STOLTZ v. McCONNON

362 A.2d 1121, 26 Pa. Commw. 82, 1976 Pa. Commw. LEXIS 1188
CourtCommonwealth Court of Pennsylvania
DecidedAugust 11, 1976
DocketAppeals, 1645, 1647 and 1648 C.D. 1975
StatusPublished
Cited by8 cases

This text of 362 A.2d 1121 (STOLTZ v. McCONNON) is published on Counsel Stack Legal Research, covering Commonwealth Court of Pennsylvania primary law. Counsel Stack provides free access to over 12 million legal documents including statutes, case law, regulations, and constitutions.

Bluebook
STOLTZ v. McCONNON, 362 A.2d 1121, 26 Pa. Commw. 82, 1976 Pa. Commw. LEXIS 1188 (Pa. Ct.
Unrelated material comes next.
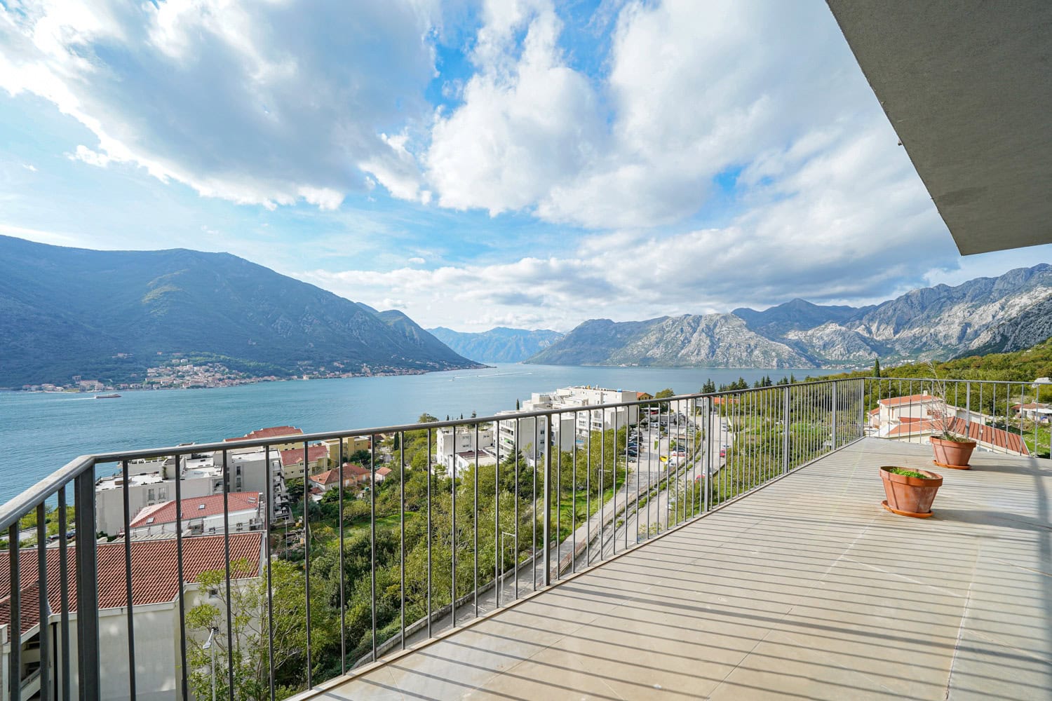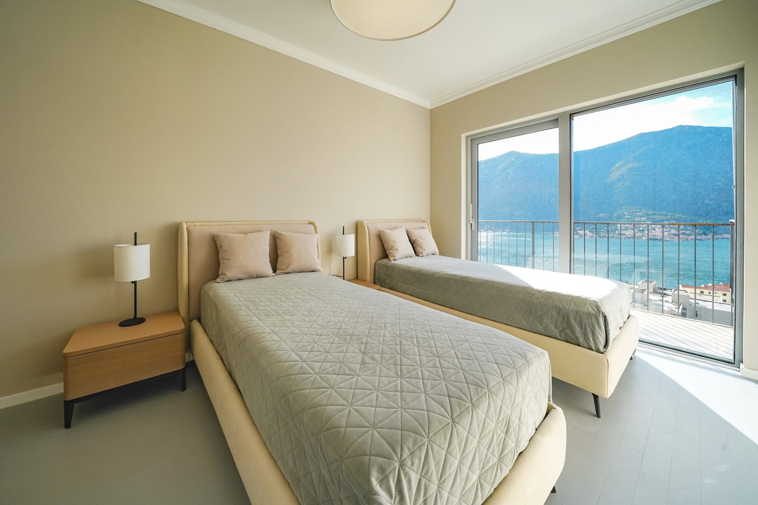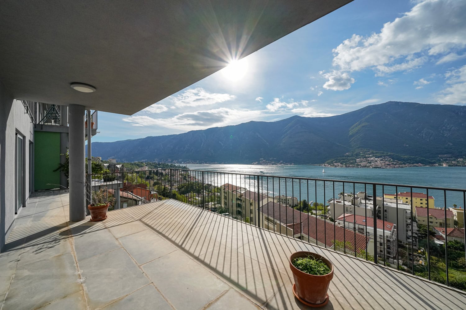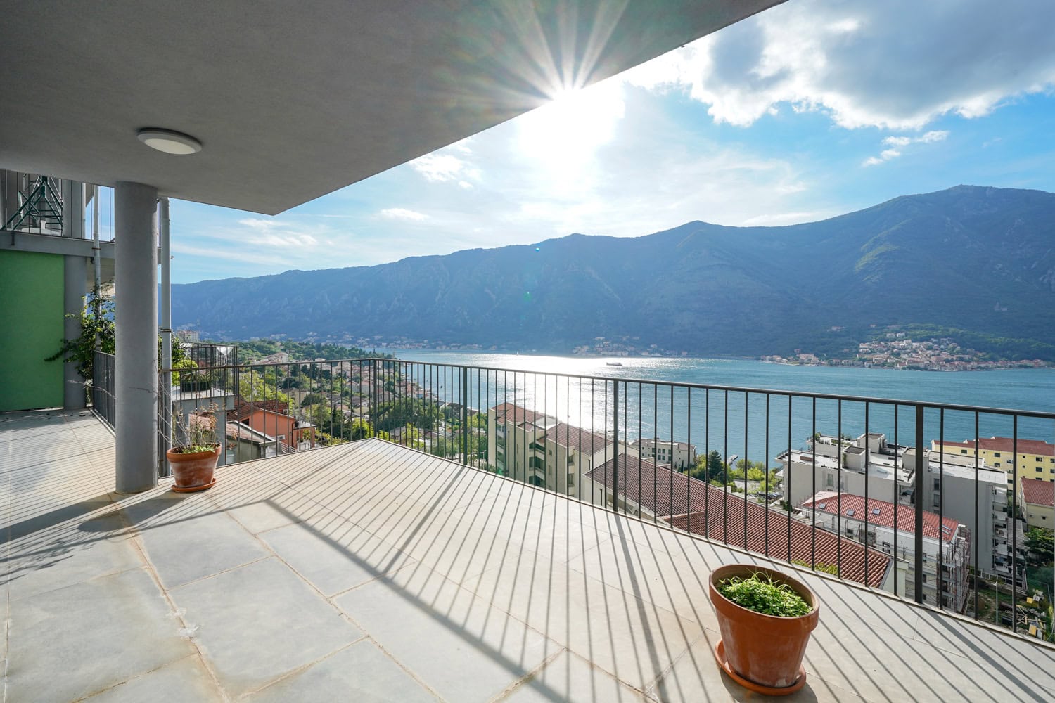 Эта эксклюзивная квартира площадью 158 м² расположена на третьем этаже современного дома и предлагает панорамные виды на бескрайние воды Которского залива — настоящего шедевра природы, охраняемого ЮНЕСКО. Из каждой комнаты перед вами открывается завораживающая картина бирюзовой глади моря и горных вершин.

App. 1976).

Opinions

Opinion by

Judge Rogers,

When members of bodies politic charged with conducting essential public services fall out among themselves, the litigation which it seems must inevitably follow always has two features in common with all other such political contests at law. The first is a surfeit of lawsuits intended, no doubt, to demonstrate the magnitude and sincerity of each faction’s outrage at the alleged falsity, if not wickedness, of.'the other’s actions. The second common characteristic of this kind of litigation is that the principal issue raised by the excess of actions, if not always easy to decide, is invariably simple.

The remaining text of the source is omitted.